2002 Annual

Thursday, 17 January 2002: 3:30 PM
A Comparison of Photochemical Ozone Production in Four U.S. Urban Areas
David D. Parrish, NOAA/AL, Boulder, CO; and T. B. Ryerson, J. S. Holloway, D. K. Nicks Jr., R. W. Dissly, W. C. Kuster, P. D. Goldan, S. G. Donnelly, S. Schauffler, E. Atlas, D. T. Sueper, G. J. Frost, M. Trainer, G. Hübler, J. F. Meagher, and F. C. Fehsenfeld
During airborne field studies in 1999 and 2000, we studied the photochemical production of ozone in four U.S. urban areas: Nashville, TN; Atlanta, GA; Houston TX and Dallas-Ft.
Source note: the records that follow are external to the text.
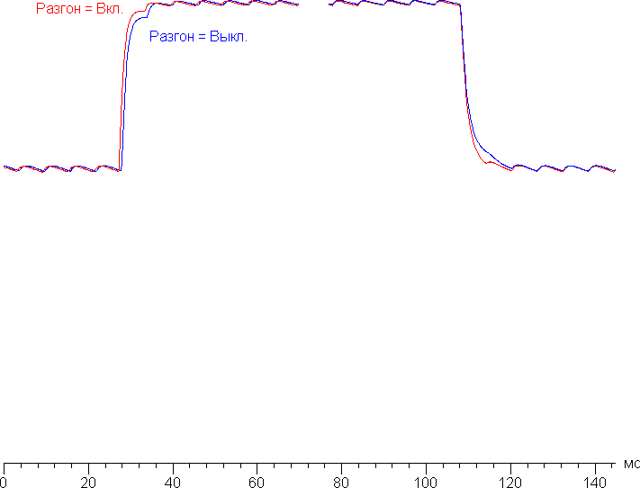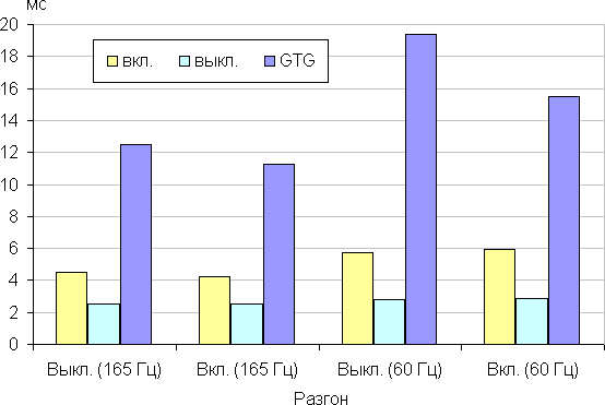 Время отклика зависит от значения настройки Разгон, которая управляет разгоном матрицы. График ниже показывает, как меняется время включения и выключения при переходе черный-белый-черный (столбики «вкл.» и «выкл.»), а также среднее суммарное время для переходов между полутонами (столбики «GTG») для двух значений этой настройки и двух частот обновления:
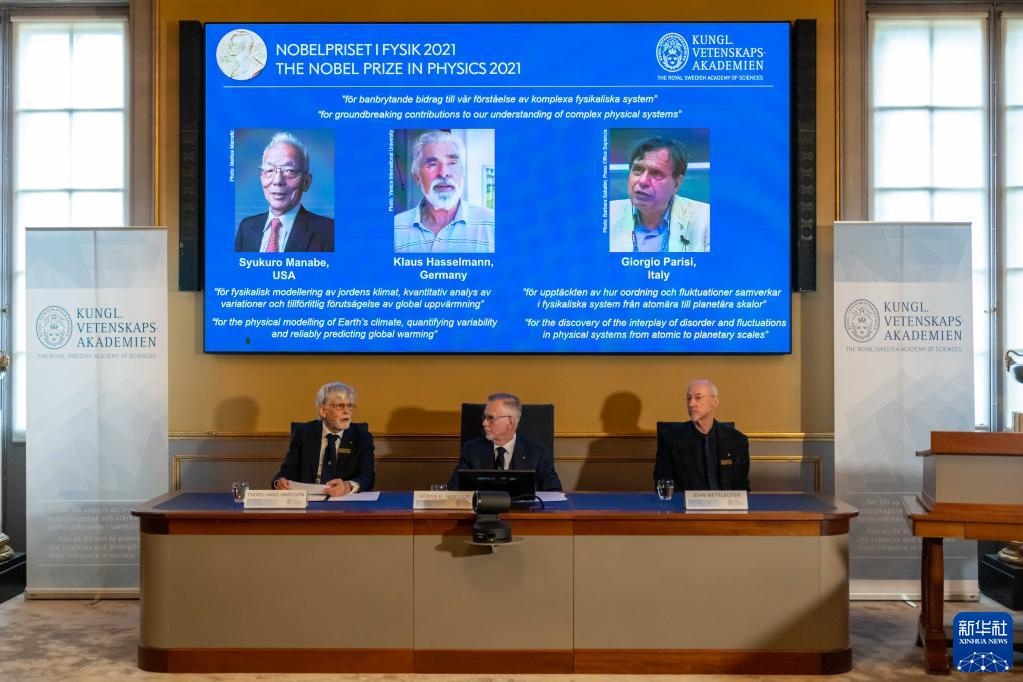 新華社斯德哥爾摩10月5日電(記者和苗 付一鳴)瑞典皇家科學院5日宣布,將2021年諾貝爾物理學獎授予三名科學家,其中,日裔美籍科學家真鍋淑郎和德國科學家克勞斯·哈塞爾曼因“建立地球氣候的物理模型、量化其可變性并可靠地預測全球變暖”的相關研究獲獎,意大利科學家喬治·帕里西因“發(fā)現(xiàn)了從原子到行星尺度的物理系統(tǒng)中無序和波動的相互作用”而獲獎?! ?br/>
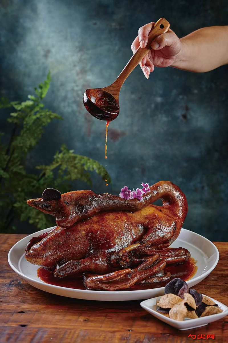 工藝:將大鵝宰殺清理干凈,然后在流水下沖洗干凈血水。加入溶解好的富磷聯B腌制8小時,然后將鵝肉冷水下鍋,倒入花雕酒大火燒開,撇去浮沫,焯水15分鐘后撈出,用冷水沖洗一下。將黃梔子、白芷、大料、白蔻、花椒粒、小茴香、香葉用水浸泡一下,瀝干水分備用。坐鍋燒火,鍋中倒入菜籽油,燒至油溫六成熱后,下入切好的大蔥段和生姜片,不停翻炒,將蔥段和生姜炒干后撈出。準備一個不銹鋼桶,加入足夠覆蓋鵝肉的水(約7500毫升)燒開,放入浸泡后瀝干水分的香料,然后倒入熬好的菜籽油,再加入味粉、味達蕾901號、食用鹽、雞粉攪拌均勻。放入焯好水的鵝肉,最后放入生姜片和香蔥。開大火燒開后,改為文火繼續慢煮1小時左右,用筷子插一下鵝胸脯肉,能夠輕松插透即可。關火讓鵝肉在鹵湯中浸泡30分鐘左右,使其更入味。入味后將大鵝撈出,用保鮮膜密封好,自然放涼后即可食用,食用時剁成小塊,可以淋一些原汁鹵湯。
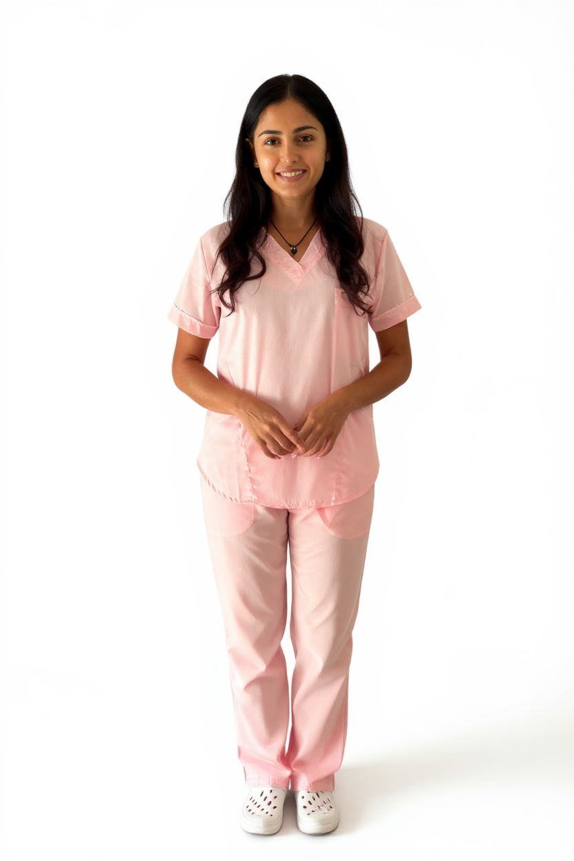 Chaqueta de Tela Batista , cuello escote en V, con 2 bolsillos laterales y un Bolsillo de frente aplicado. Espalda con tiras ajustables.
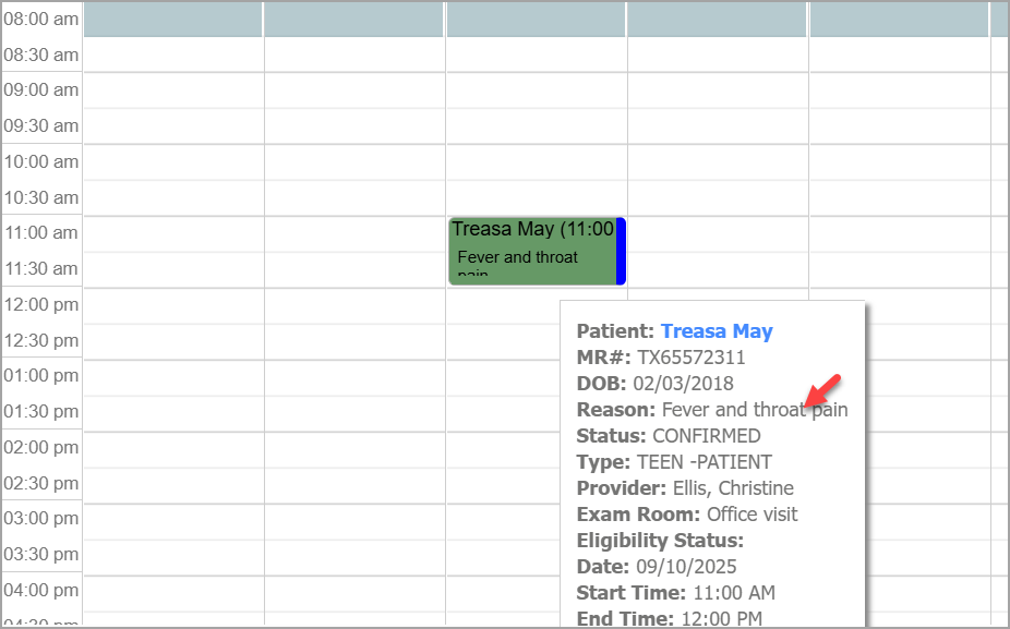 3. Patient name has a tooltip that displays the full name of the patient along with the time allotted.
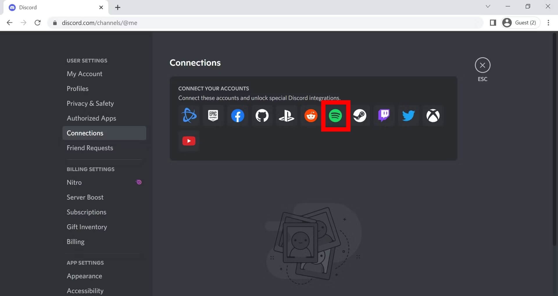 - You'll find a "Connections" tab under "User Settings." Click on it, The Connections menu houses all the accounts you have that are currently connected to your Discord account. Then select the Spotify logo under the "Connect Your Accounts" section.
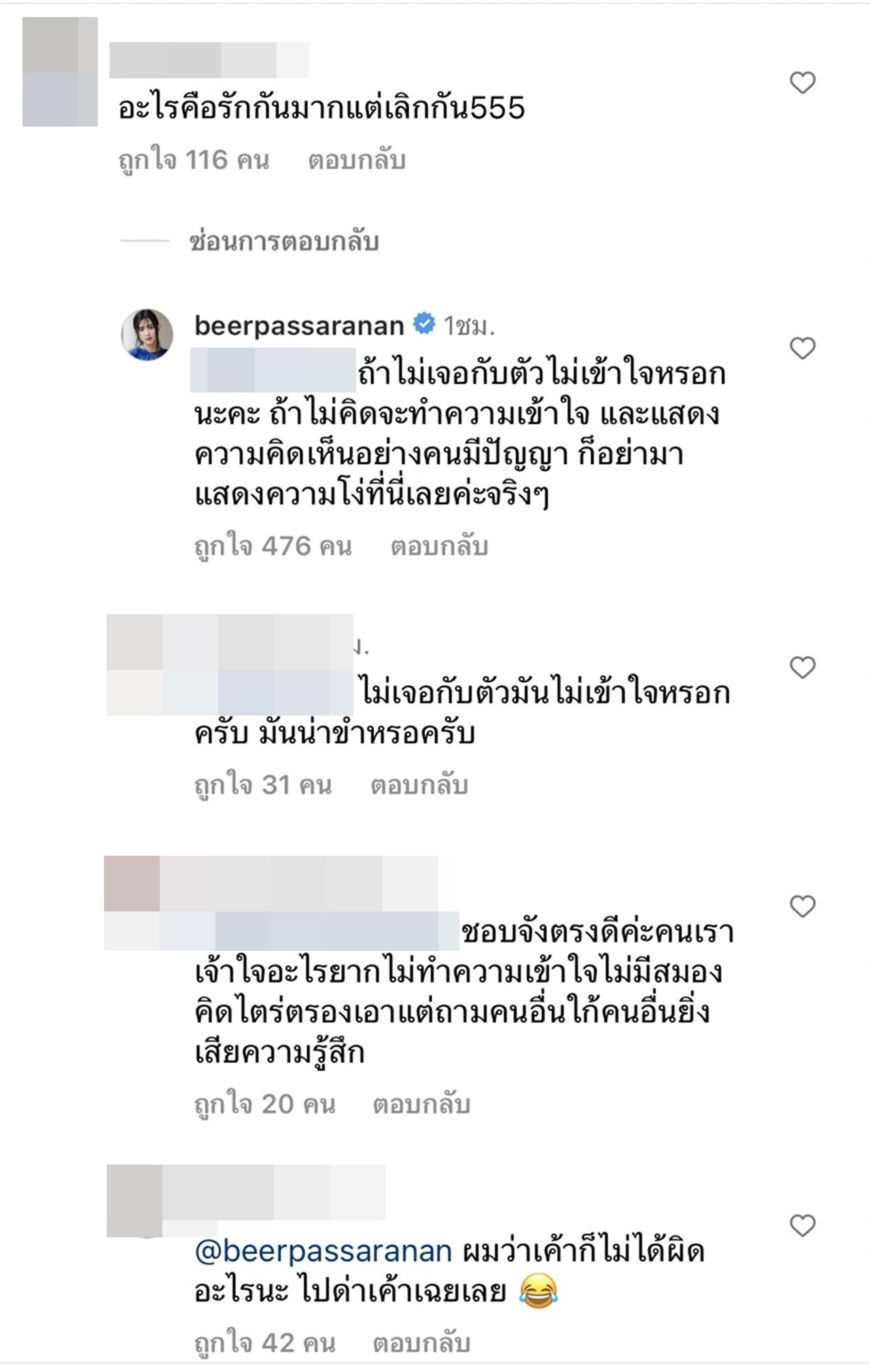 หลังจากที่ เบียร์ ได้โพสต์ข้อความดังกล่าว ได้มีคนเข้ามาคอมเมนต์ว่า "คืออะไรรักกันมากแต่เลิกกัน555" ด้าน เบียร์ ก็ได้ตอบกลับไปว่า "ถ้าไม่เจอกับตัวไม่เข้าใจหรอกนะคะ ถ้าไม่คิดจะทำความเข้าใจ และแสดงความคิดเห็นอย่างคนมีปัญญา ก็อย่ามาแสดงความโง่ที่นี่เลยค่ะจริงๆ".

Worth TX. These areas differed widely in population, magnitude of ozone precursor sources, relative contributions to VOC emissions (vehicular, petroleum refining, biogenic), point source contribution to NOx emissions, and boundary layer meteorology (coastal versus inland). The ambient ozone levels were uniquely high in Houston TX area (up to 250 ppbv) compared to the other three areas (< 140 ppbv). We will compare and contrast the precursor concentration distributions and the photochemical processing of the NOx precursors in these four urban areas. We conclude that the combination of boundary layer meteorology that confines plumes plus intense emissions of fossil fuel combustion mixed with very reactive hydrocarbons emitted by petrochemical industries are necessary and sufficient for formation of the high ozone levels unique to the Houston TX area.